As the Company’s special North Carolina counsel, we have examined originals or copies, certified or otherwise identified to our satisfaction, of the Company’s articles of incorporation and by-laws, each as amended to date, and minutes and records of the corporate proceedings of the Company relating to the filing of the Registration Statement and the issuance of the Notes, as provided to us by the Company, certificates of public officials and of representatives of the Company, and statutes and other instruments and documents, as a basis for the opinion hereinafter expressed. In rendering this opinion, we have relied upon certificates of public officials and representatives of the Company with respect to the accuracy of the factual matters contained in such certificates.

 

In connection with such examination, we have assumed (a) the genuineness of all signatures and the legal capacity of all signatories; (b) the authenticity of all documents submitted to us as originals and the conformity to original documents of all documents submitted to us as certified or photostatic copies; and (c) the proper issuance and accuracy of certificates of public officials and representatives of the Company.

 

Based on and subject to the foregoing, we advise you that, in our opinion, the Indenture and the Notes have been duly authorized by all necessary corporate action of the Company, and have been duly executed and delivered by the Company.

 

This opinion is limited to the laws of the State of North Carolina, and we are expressing no opinion as to the effect of the laws of any other jurisdiction.

 

This opinion is rendered as of the date hereof, and we undertake no obligation to advise you of any changes in applicable law or any other matters that may come to our attention after the date hereof.

 

We hereby consent to the filing of this opinion as an exhibit to a Current Report on Form 8-K to be filed by the Company on the date hereof and to its incorporation by reference into the Registration Statement.
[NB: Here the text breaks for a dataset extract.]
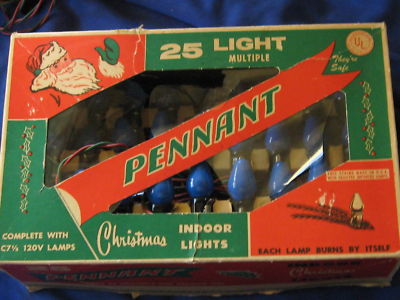 Title (ebay affiliate link): VINTAGE CHRISTMAS LIGHTS 25 PENNANT C7 GE BLUE BULBS IOB ALL WORKING
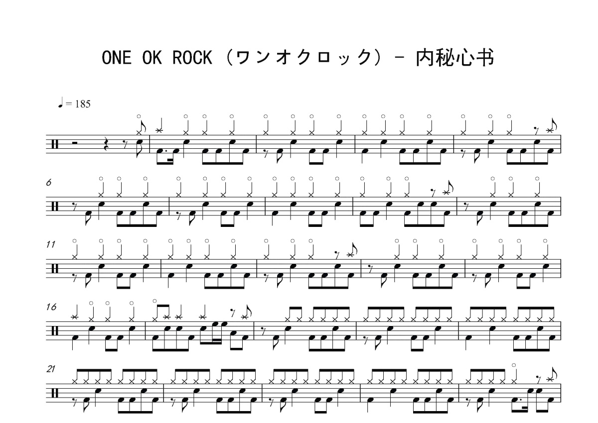 《内秘心书》是ONE OK ROCK (ワンオクロック)演唱的一首歌曲,这份鼓谱共有三张高清图谱,图谱由 @打鼓谱 编配上传,图谱使用五线谱编配,使用这份内秘心书架子鼓谱,你将能够轻松地敲打出这首ONE OK ROCK (ワンオクロック)的内秘心书,快来尝试吧。《内秘心书》现场版。 ONE OK ROCK(ワンオケロック)是一支日本摇滚乐队,于2005年成立,2007年正式出道。凭借扎实的音乐功底,前沿的曲风和热血激昂的现场表现力已稳固发展成为地位超群的实力团体,并受到全球范围内的粉丝追捧。乐队现成员包括主唱Taka、吉他手Toru、贝斯手Ryota、鼓手Tomoya四人。

In addition, we consent to any reference to the name of our firm under the caption “Legal Opinions” in the preliminary prospectus supplement dated November 8, 2023 and the prospectus supplement dated November 8, 2023, and under the caption “Validity of Securities” in the prospectus dated July 26, 2022, each of which is a part of the Registration Statement. In giving this consent, we do not admit that we are in the category of persons whose consent is required under Section 7 of the 1933 Act or the rules and regulations of the Commission thereunder.